== Segment start ==
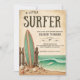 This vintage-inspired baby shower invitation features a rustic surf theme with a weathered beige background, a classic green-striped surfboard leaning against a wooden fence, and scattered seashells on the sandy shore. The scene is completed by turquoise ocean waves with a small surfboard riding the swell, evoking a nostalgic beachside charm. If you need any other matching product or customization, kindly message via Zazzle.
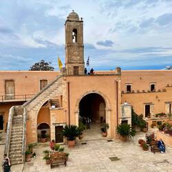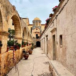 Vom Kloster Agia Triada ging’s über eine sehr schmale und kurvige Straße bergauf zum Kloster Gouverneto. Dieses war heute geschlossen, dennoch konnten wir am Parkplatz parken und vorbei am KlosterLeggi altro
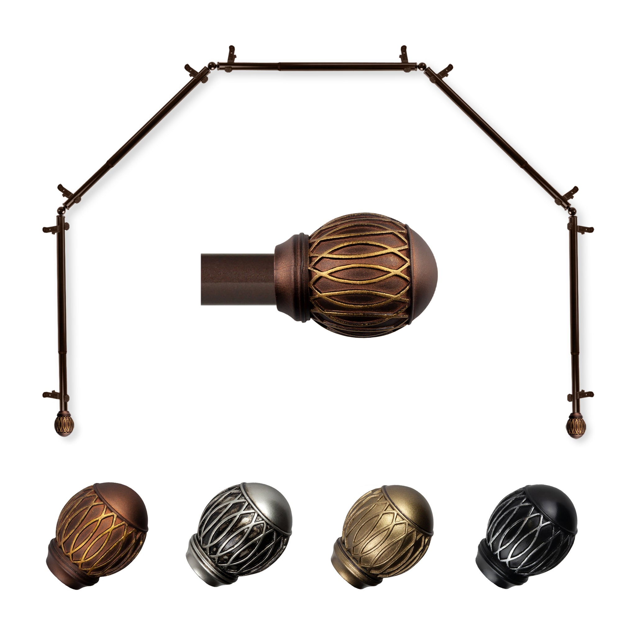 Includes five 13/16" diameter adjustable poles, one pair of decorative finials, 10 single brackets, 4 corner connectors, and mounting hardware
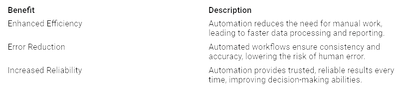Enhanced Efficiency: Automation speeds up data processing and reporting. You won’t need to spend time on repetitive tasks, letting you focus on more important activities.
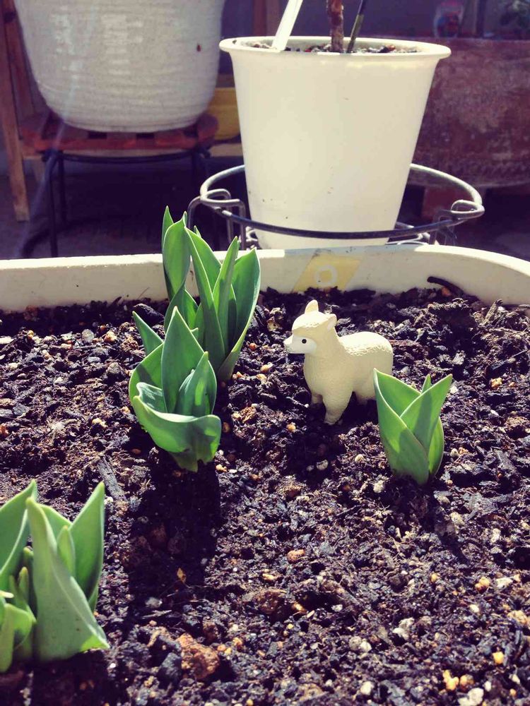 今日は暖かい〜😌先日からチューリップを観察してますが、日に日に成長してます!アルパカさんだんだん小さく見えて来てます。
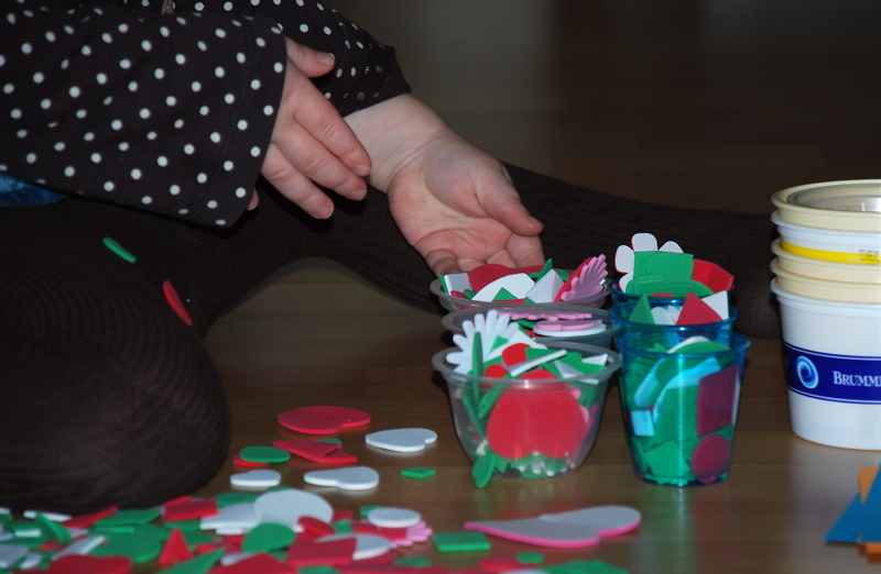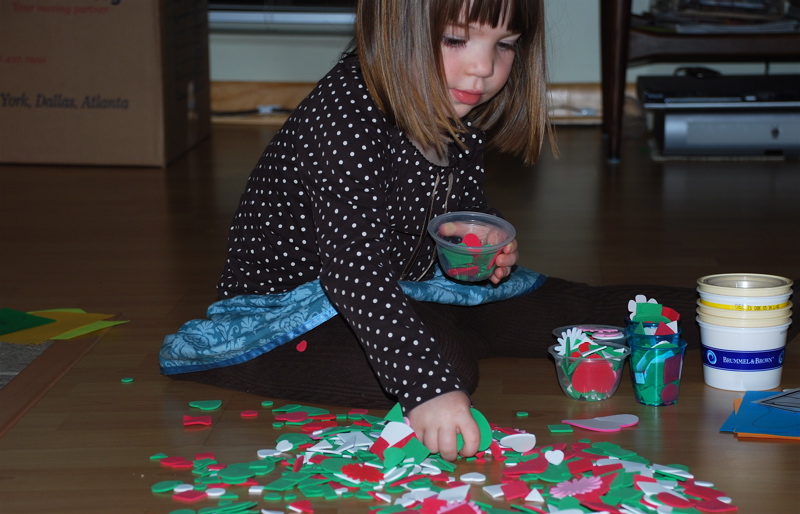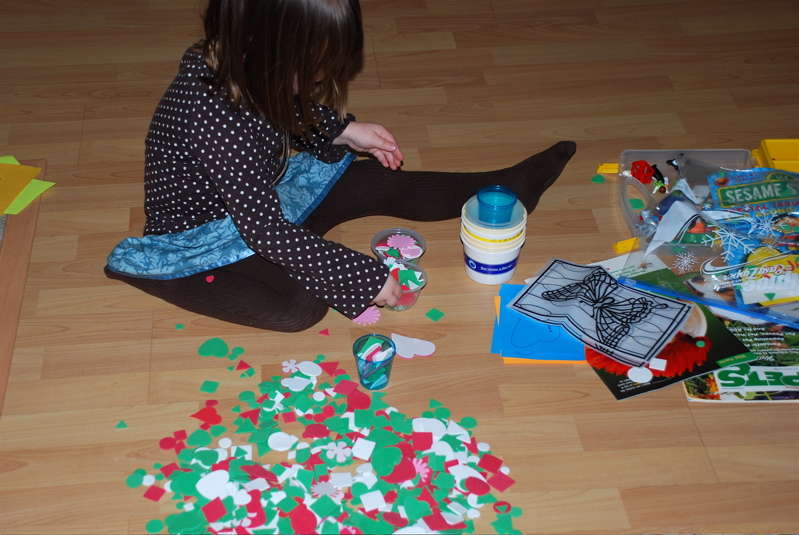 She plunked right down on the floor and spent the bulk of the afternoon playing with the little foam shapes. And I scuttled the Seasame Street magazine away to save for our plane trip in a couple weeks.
== Segment end ==
» **WHAT IS NEEDED**
What is needed here is an exact copy of the lines from the line containing "今日は暖かい〜😌先日からチュ" through the end of the records, with every picture left out.

» **RESULT**
 今日は暖かい〜😌先日からチューリップを観察してますが、日に日に成長してます!アルパカさんだんだん小さく見えて来てます。
 She plunked right down on the floor and spent the bulk of the afternoon playing with the little foam shapes. And I scuttled the Seasame Street magazine away to save for our plane trip in a couple weeks.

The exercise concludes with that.